Agent-Based Modeling (ABM) is a computational approach to modeling reality. ABM is not new having a history dating back to the 1960s. What is new is that the average computer often will possess the needed computational power to use ABM for modeling purposes. This has led to an explosion in interest in ABMs.
This post will introduce ABM and some terms associated with this field of research.
Terms
The term agent-based modeling (ABM) has a lot to it that we need to unpack first. The word “agent” in this context means a computational object that possesses specific actions and behaviors. An example of this might be a car in traffic or birds flying together. These examples will make more sense later.

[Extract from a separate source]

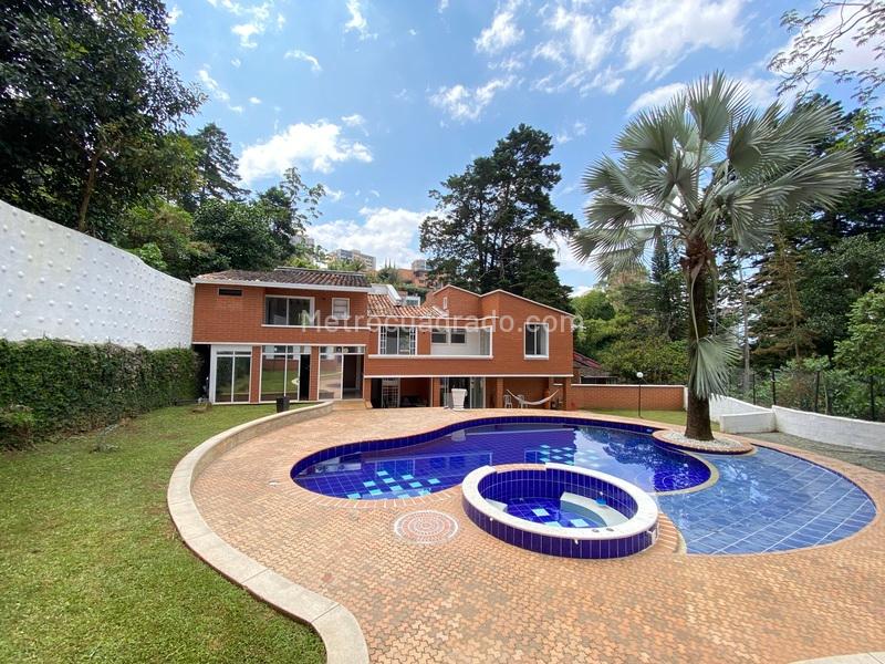 Exclusive house for rent located in El Poblado, La Calera sector. Features include 4 bedrooms each with private bathrooms and balconies, 8 bathrooms in total, spacious living room, independent dining room, library or study, TV room, modern open kitchen with gas stove and hood, quartz countertop, laundry area, terrace, patio, garden, double parallel parking, utility room, built area of 900 m² on a 1,300 m² lot, and 2 levels. This property offers privacy, spaciousness, and a privileged natural environment.
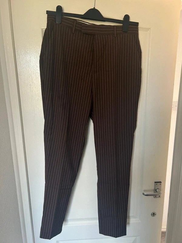 The ASOS Design Brown Striped Tailored Trousers is ideal for work, business, smart-casual.

A model is a description of a process, event, or system. Models are developed to explore a phenomenon because the model can be manipulated to extract understanding. Specifically, a computational model takes inputs (variables) and manipulates the inputs in an algorithm like way. This allows for the prior mentioned experimentation but also for the ability to communicate quantitative results differently than a traditional mathematical equation.

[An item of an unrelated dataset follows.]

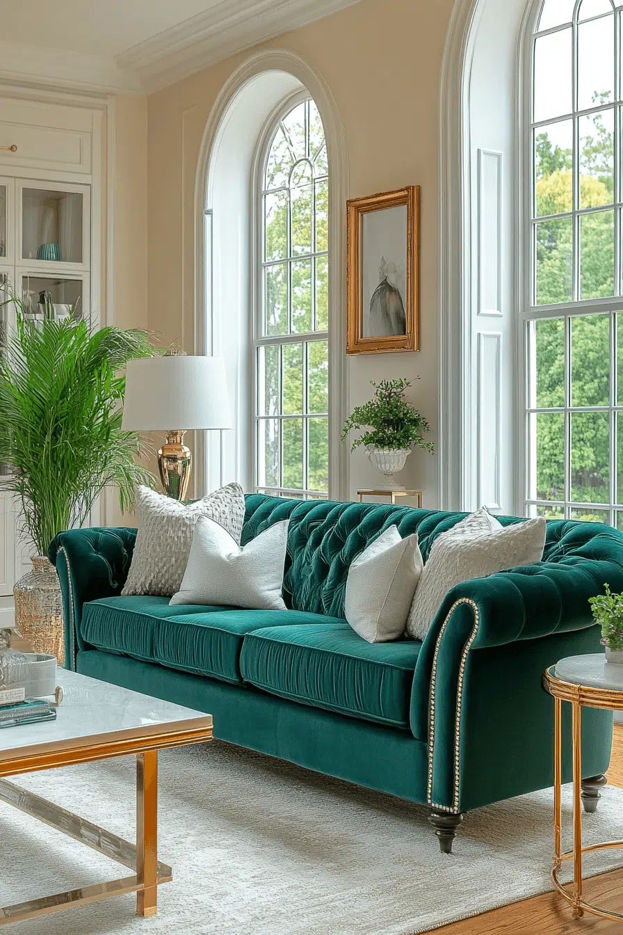 A jewel tone living room with velvet accents creates an inviting yet luxurious atmosphere. Deep emerald or sapphire velvet sofas provide rich texture while instantly elevating the design. Pairing them with neutral walls allows the colors to stand out without overwhelming the space. Gold or brass light fixtures add warmth and complement the jewel tones beautifully. Soft area rugs in coordinating hues pull the whole look together.

With our knowledge of agents and modeling, we can now say that ABM is a computational model of agents and their interaction with an environment created by the researcher.
More Terms
The rationale behind ABM is the idea of emergence. By emergence, it is meant that when agents interact patterns begin to “emerge.” For example, cars travel together leading to traffic jams and birds fly together in flocks. The pattern of a traffic jam and a flock is only possible when the agents (cars and birds) interact with each other in each system.
Emergence can be seen from two different perspectives. Integrative emergence is the observer knowing the behavior of individual agents but trying to determine patterns or see the “big picture” of the system. For example, you know how cars drive in traffic but you want to understand the patterns of a traffic jam.
Differential emergence is the opposite. It involves the observer knowing the general pattern or big picture but wanting to determine the behavior and actions of individual agents. For example, you know the pattern of a traffic jam but want to learn how individual cars drive in a traffic jam.
A common error people make when looking for emergence is something called deterministic-centralized mindset. This view holds there is no randomness in a pattern and that there is some form of a controller of the pattern. For example, someone is responsible for the traffic jam, or there is a leader among the birds flying in a flock. From these two examples, you can see that it is more common for people to err on the side integrative emergence in that they see individuals responsible for the patterns rather than the system.
Pros & Cons
ABM allows people to explore the complex phenomenon in a hypothetically way. It is possible to generate large amounts of data in a computationally cheap way. In addition, many people find the results of an ABM to be easier to understand because knowledge of calculus is not required. The removal of math seems convenient but equations offer a compact explanation that ABM is not able to duplicate making this a disadvantage.
Among supporters of ABM, there is a small tendency to over-promise the capabilities. There is an argument that the development of ABM is similar to the switch from Roman to Arabic numbers during the Middle Ages. This is unlikely to be a fair comparison because the switch in number systems had a tremendous practical influence in everyday life whereas ABMs might be useful for scholarly like people but not a more practical person such as a plumber or entrepreneur.
Conclusion
ABMs allow researchers to experiment with various scenarios in a highly cost-efficient way. Modeling system with agents provides an approximation of reality that was not possible before. All approaches to uncovering reality have their flaws. However, ABMs providing a unique contribution to research today.